Tietze’s syndrome–a painful disorder of the costal cartilage–can mimic a heart attack, pulmonary blood clots, or even psychological stress. Diagnosing the disorder is often a matter of ruling out what disorders a patient doesn’t have, and reaching a diagnosis by exclusion. Depending on which expert you speak to, the recommendation for the best diagnostic tool vary wildly from Xeroradiographs to CT scans. However a new study suggests that the only way to diagnose Tietze’s syndrome is to use X-ray, CT, MRI and nuclear medicine in combination as the only way to diagnose the disease.

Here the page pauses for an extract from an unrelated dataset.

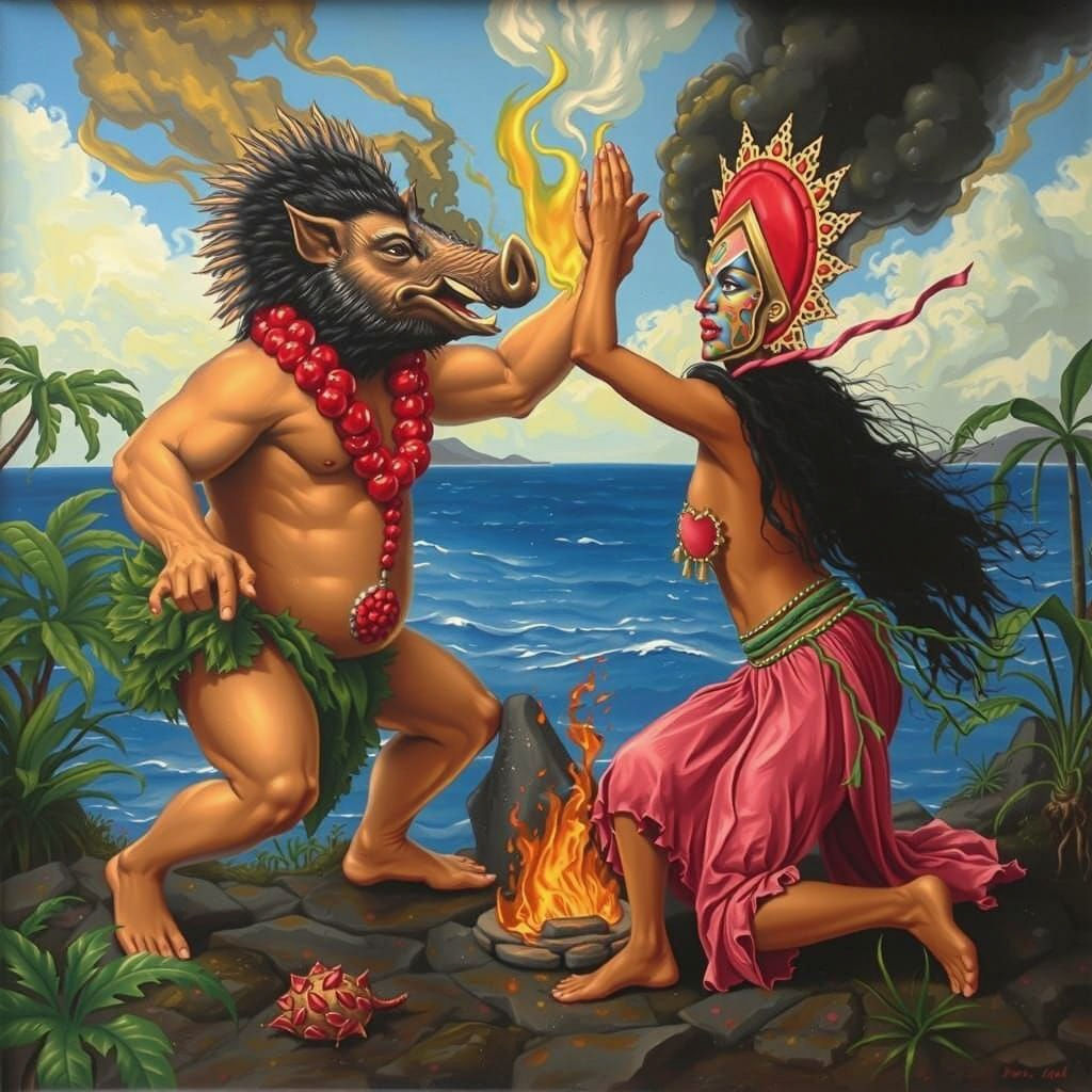 This image shows a dynamic, Gauguin-inspired scene of Kamapua'a and Pele in a fierce yet romantic battle. The goddess's fiery gaze meets the boar-man's passionate gaze, set amidst a volcanic landscape.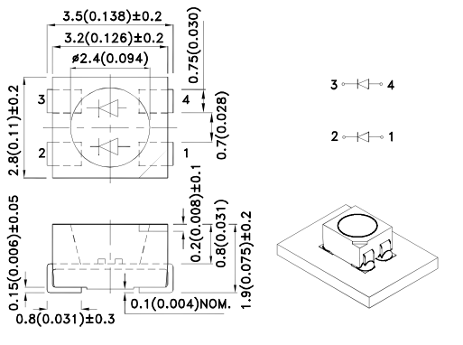 Pouzdro: PLCC4 Barva 1: modrá 465nm Uf: 3.0-3.4V If: 20mA (abs max. 30mA) Iv@20mA: 100-165mcd Barva 2: červená 525nm Uf: 1.9-2.4V If: 20mA (abs max. 30mA) Iv@20mA: 115-180mcd Pd: 72mW Vyzařovací úhel: 120°

In a May 2009 article in Clinical and Experimental Rheumatology, a team of Italian researchers described how they evaluated 30 patients with rheumatologic disorders of the sternocostoclavicular joint. These included Tietze syndrome, SAPHO syndrome, and a variety of other costal cartilage related ailments. The researchers compared CT, MRI and bone scintigraphy for all patients and found that each technique painted only a partial picture. Radiography showed sclerosis of the clavicula in only eight patients and sclerosis of the sternum in three. The CT exam fared slightly better at thirteen patients, but showed corticol bone erosions in over three-quarters of patients. The MRI was sensitive to showing soft tissue swelling in over half the patients. There were varying degrees of success with techniques showing joint space narrowing, bone erosion, and ligament ossification.
The researchers concluded that diagnosing Tietze’s disease and other rheumatic disorders of the sterno-costoclavicular joint presents a difficult diagnostic picture. One technique, say the researchers, isn’t enough to firmly diagnose a condition. They suggest that all available techniques be used in combination–X-ray, CT, MRI and nuclear medicine.
It’s hard enough to get my health insurance plan to pay for an MRI. I wonder what they will make of four diagnostic techniques at the same time…
S. Kenrose. Tietze’s Syndrome: Causes, Tests and Treatments, 2009.
Guglielmi G, Cascavilla A, Scalzo G, Salaffi F, Grassi W. Imaging of sternocostoclavicular joint in spondyloarthropaties and other rheumatic conditions. Clin Exp Rheumatol. 2009 May-Jun;27(3):402-8.